-- Study material --
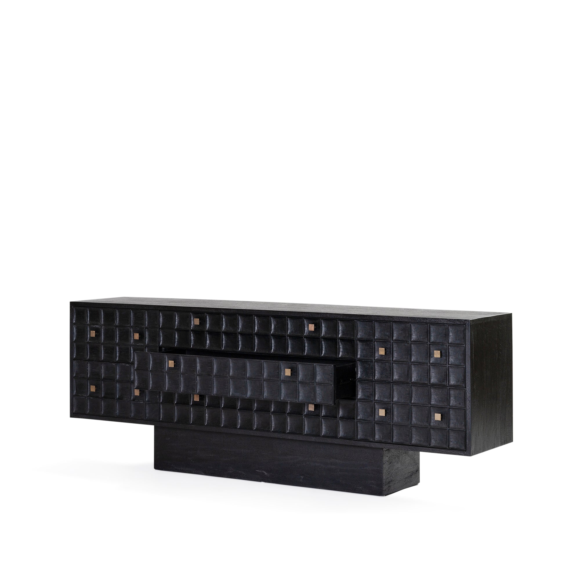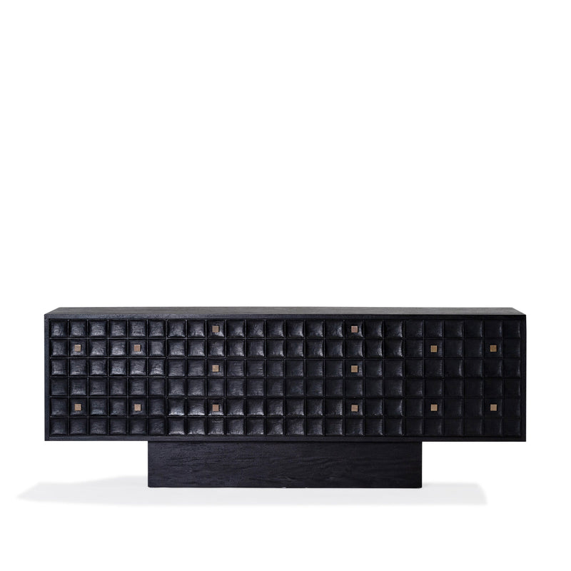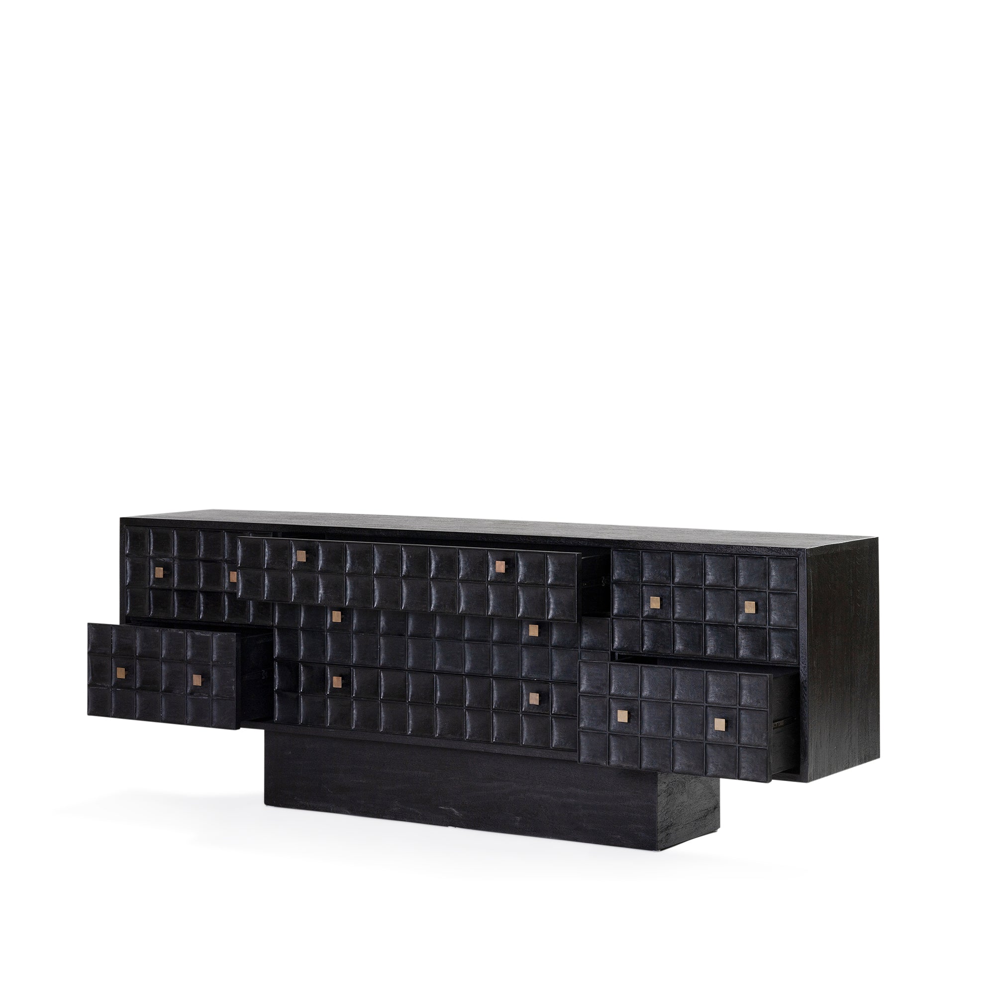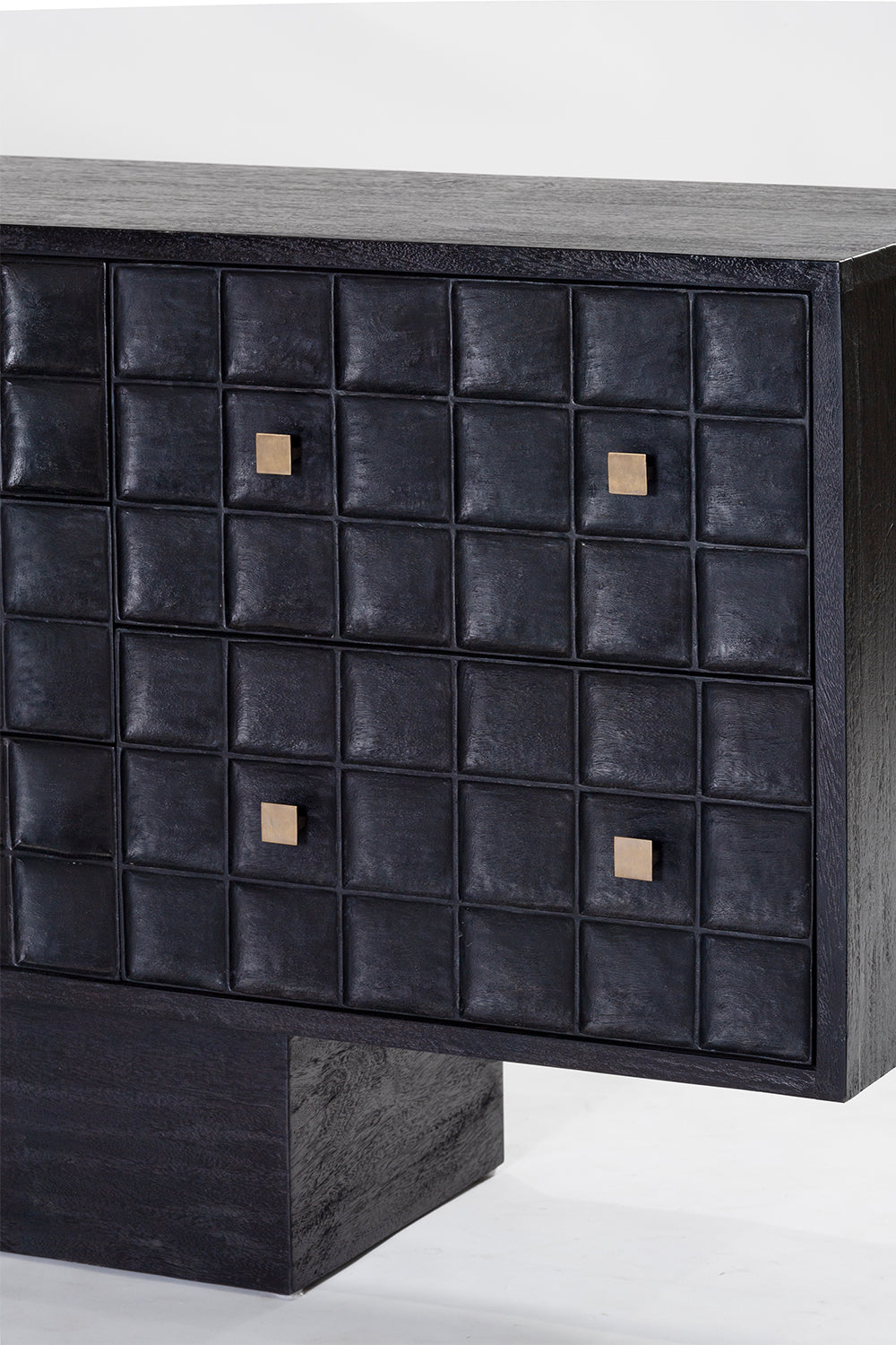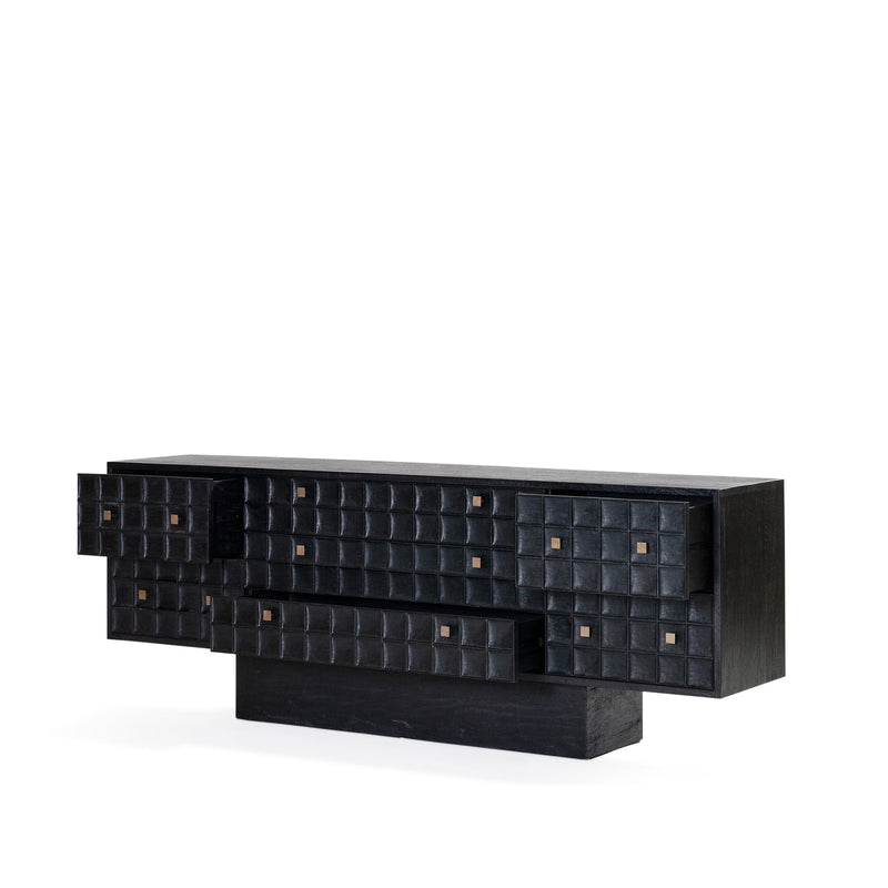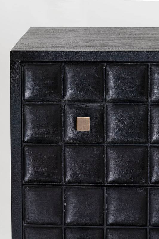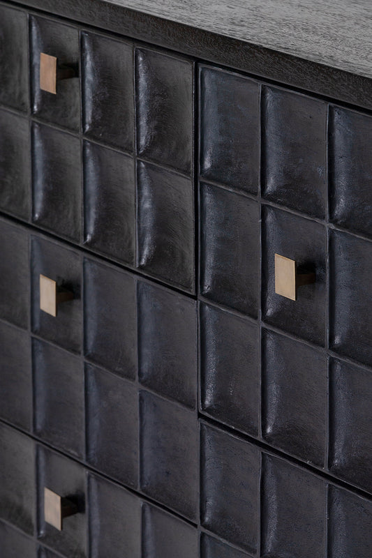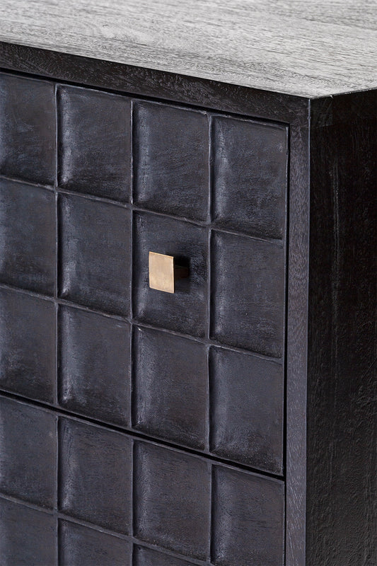 Built from solid mango wood in a Black finish. Featuring a beautiful hand carved geometric square pattern across its 7 drawers and solid square brass handles.
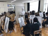 この日、芸術コース体験入学が行われ、美術専攻ではデッサンの基礎講座を本専攻2年生が中心となって開きました。
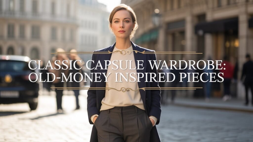 An old-money capsule wardrobe features timeless, high-quality pieces like tailored blazers, classic trousers, luxurious knits, and statement coats for a refined, minimalist style.
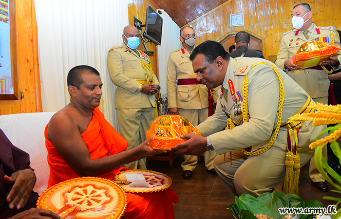 The newly-appointed Commander Security Forces - East Major General Channa Weerasuriya symbolically accepted his new appointment, placing his signature for an official document at the auspicious minute amidst chanting of 'Seth Pirith' by members of the Maha Sangha. Later on, the Commander planted a sapling in the Headquarter premises to add memories to his inauguration of the new office.
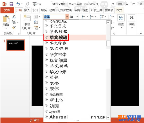 4、選中文本框內的文字,將文字設置為華文琥珀。
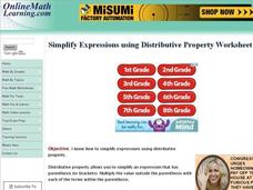In this online math worksheet, students simplify expressions by using the Distributive Property. This excellent resource allows the students to check their answers, and to get "hints" should they run into difficulties. A terrific...
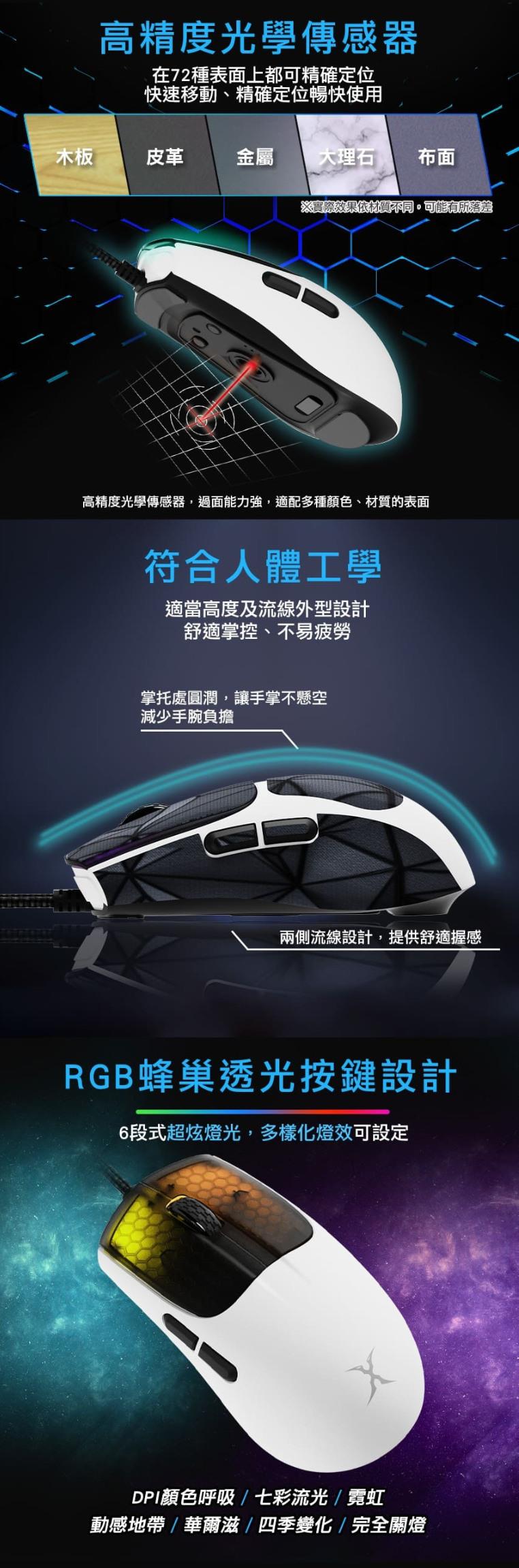 ●半透明蜂巢紋按鍵與六段可條多彩光效
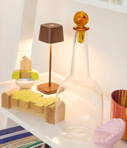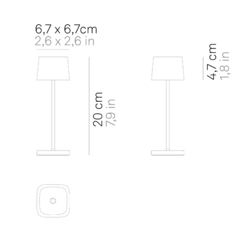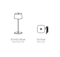 Die Batterielampe Ofelia micro ist eine kleinere Version der beliebten tragbaren Tischlampe Ofelia. Die kleine wiederaufladbare Lampe ist aus druckgegossenem Aluminium gefertigt und kann dank ihrer IP65-Klassifizierung sowohl drinnen als auch draußen verwendet werden. Die Batterielampe ist leicht mitzunehmen und kann in der Helligkeit gedimmt werden, sodass das Licht über eine Touch-Funktion oben am Schirm an die gewünschte Stimmung angepasst werden kann. Hier wird auch die Farbtemperatur von entweder 2200K, 2700K oder 3000K gewählt. Eine Speicherfunktion kann die Einstellungen speichern, wenn die Lampe wieder eingeschaltet wird.
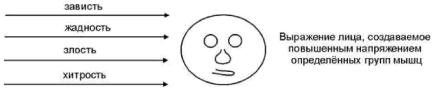 – определённые отрицательные эмоции, вытесненные из сознания в подсознание. Если человека попросить представить себе лицо злодея, лицо завистника, лицо хитрого человека, то в уме представляется какое-то определённое, характерное выражение лица (образ). Каждая отрицательная эмоция вызывает повышение тонуса определённых мимических мышц лица. Так появляется лицо храбреца, завистника, злодея. Одновременно эта же отрицательная эмоция вызывает спазм мышц и сосудов в определённом участке тела или внутреннем органе.
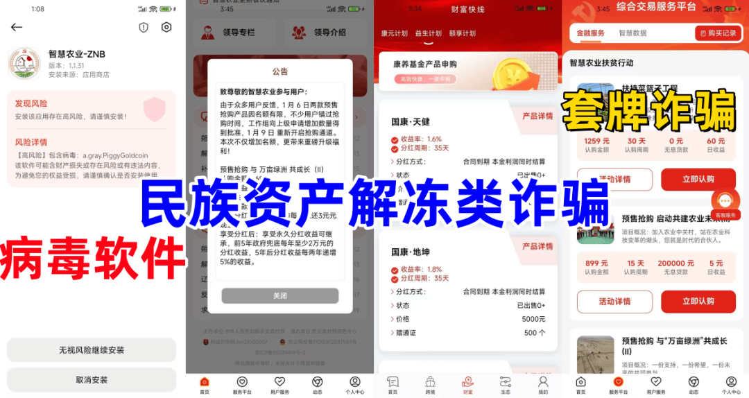 不法分子冒充某部门的旗号,打着“智慧农业”“数字农业”“助农”等旗号,虚构各种理财项目实施诈骗,近期,该项目又推出“落地篇”要求参与者交钱激活账户,才可以正常提现!
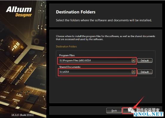 6.建议把AD软件安装到除C盘以外的磁盘,我这里安装到G盘,所以只需要把字母C改为G即可,第二个路径可以在G盘下新建一个“AD”文件夹然后选择这个文件夹。
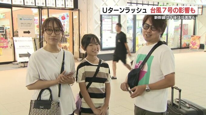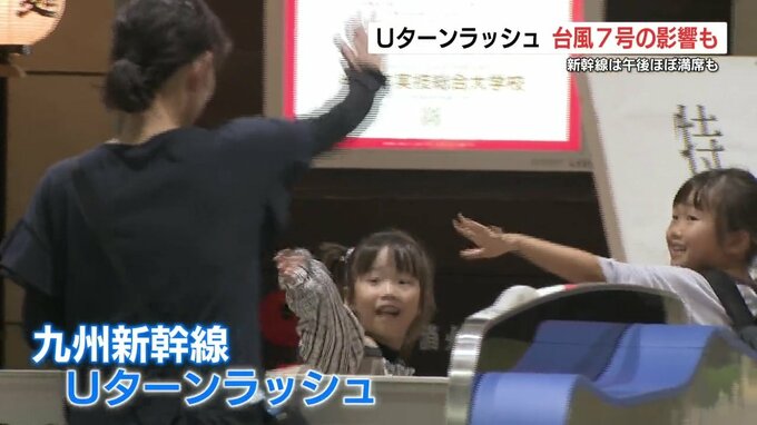 九州新幹線では、きょう(16日)から帰省のUターンラッシュが始まりました。熊本駅には、家族との別れを惜しむ人たちのほか、台風7号の影響で、予定の変更を余儀なくされた人たちの姿もありました。

-- What you are asked to do --
Repeat only the lines from the beginning of the material through the line containing "The newly-appointed Commander", both ends kept, leaving pictures out.

-- Result for this exercise --
 Built from solid mango wood in a Black finish. Featuring a beautiful hand carved geometric square pattern across its 7 drawers and solid square brass handles.
 この日、芸術コース体験入学が行われ、美術専攻ではデッサンの基礎講座を本専攻2年生が中心となって開きました。
 An old-money capsule wardrobe features timeless, high-quality pieces like tailored blazers, classic trousers, luxurious knits, and statement coats for a refined, minimalist style.
 The newly-appointed Commander Security Forces - East Major General Channa Weerasuriya symbolically accepted his new appointment, placing his signature for an official document at the auspicious minute amidst chanting of 'Seth Pirith' by members of the Maha Sangha. Later on, the Commander planted a sapling in the Headquarter premises to add memories to his inauguration of the new office.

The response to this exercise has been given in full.